Mais il n'a pas l'air d'aller bien. Comme s'il avait bu. Peut-être était-il présent à ma soirée? Et je n'ai même pas entendu Camryn parler d'un grand brun ténébreux au corps d'athlète ? Parce que c'est sûrement ce qu'elle aurait dit. Ou que je pensais !  Il marmonne quelque chose avant de s'écrouler dans mes bras. Mais il est tellement lourd que j'en perd l'équilibre. Grâce à la largeur du hall d'entrée, je ne prends aucun meubles dans ma chute, mais je retiens nos deux poids à l'aide de mon seul poignet. La douleur passe instantanément. Encore un autre qui va falloir traîner jusque sous la douche pour le réveiller. Il est encore pire que les autres et il a l'air d'être parti traîner dans la boue ! 

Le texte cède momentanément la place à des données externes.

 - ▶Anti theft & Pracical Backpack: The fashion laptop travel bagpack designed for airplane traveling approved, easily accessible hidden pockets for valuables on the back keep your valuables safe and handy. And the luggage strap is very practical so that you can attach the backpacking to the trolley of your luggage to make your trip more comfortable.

- T'aurais pas dû boire autant mec ! soufflais-je en le tirant péniblement.

- Je suis Tauri.

Je suis d'abord scotchée par sa voix. Pour la première fois de ma vie, je comprends ce que les héroïnes de mes livres veulent dire quand elle parle d'un "mec à la voix chaude". Chaude. Comment pourriez-vous comprendre ce qu'était qu'une voix chaude ? En fait, il faut vraiment l'entendre pour ça. 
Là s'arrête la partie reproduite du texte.